Meski begitu, bukan berarti untuk pegiat seni lokalnya tidak berbuat apapun dan hal tersebut dibuktikan dengan banyaknya pertunjukan yang digagas oleh pegiat seni lokal tersebut. Wiman menyebutkan dengan adanya event hybrid Saba yang digagas oleh Heartcorner Collective,  Voicehell dengan berbagai eventnya, dan banyak lagi sudah pasti menjadi pergerakan tersendiri, tapi akhirnya semua kembali ke pasar yang menentukan.



Selain oleh ketiga narasumber, banyak hal yang disampaikan dalam acara yang dimulai pukul 19.30 WIB sampai menjelang tengah malam, salah satunya dari tim Minggu Produktif yang turut hadir. Apa yang mereka sampaikan, sejalan dengan apa yang sudah dijelaskan para narasumber seperti pentingnya pengarsipan dan 'biasanya' pengarsip adalah mereka yang turut andil dalam pergerakan.

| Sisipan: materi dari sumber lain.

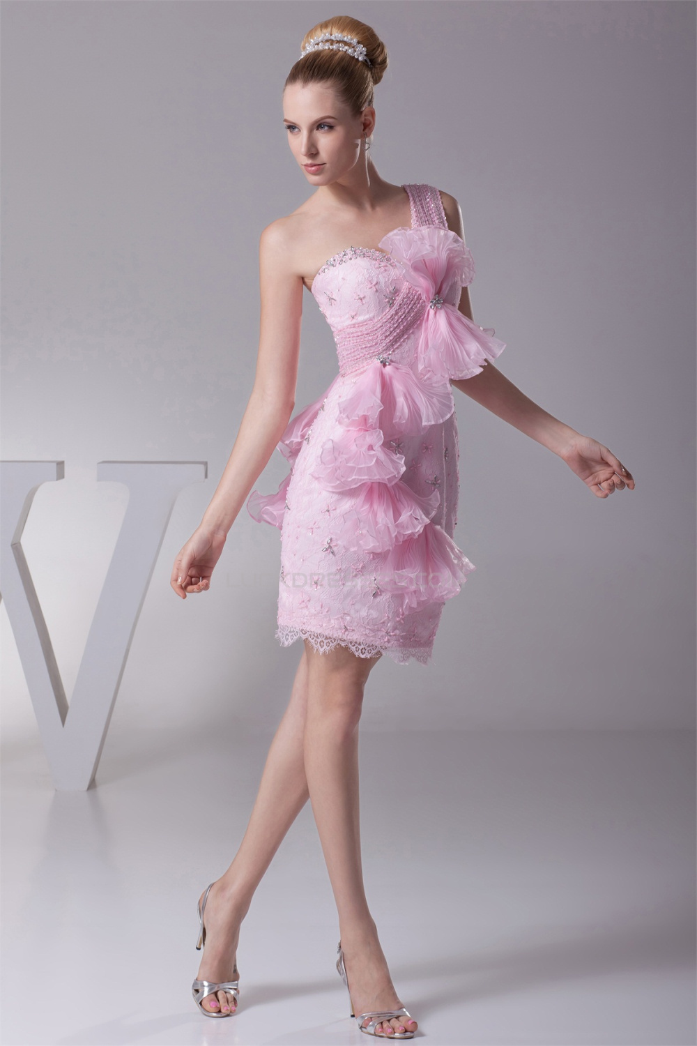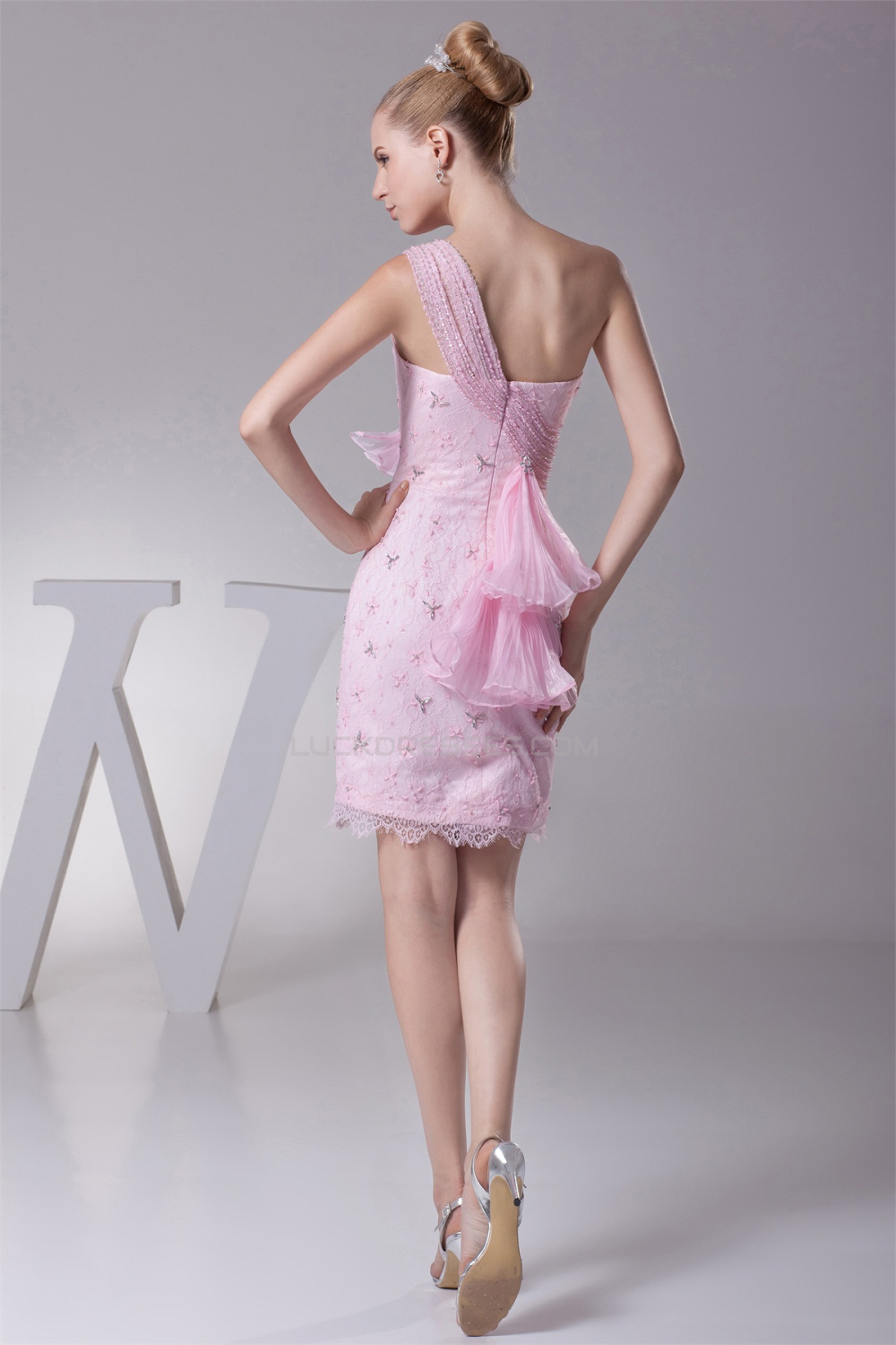 Knee-Length Sheath/Column Beading One-Shoulder Evening Party Dresses 02021087

Seperti judul dari acara ini yakni iKonser Berjejaring, goal dari sharing dan screening session ini adalah berjejaring dan saling berkomunikasi untuk dapat mendokumentasi dan mengarsipkan pertunjukan. Harapannya dari pengarsipan tersebut, dapat tayang di iKonser Channel 459 SD / 949 HD.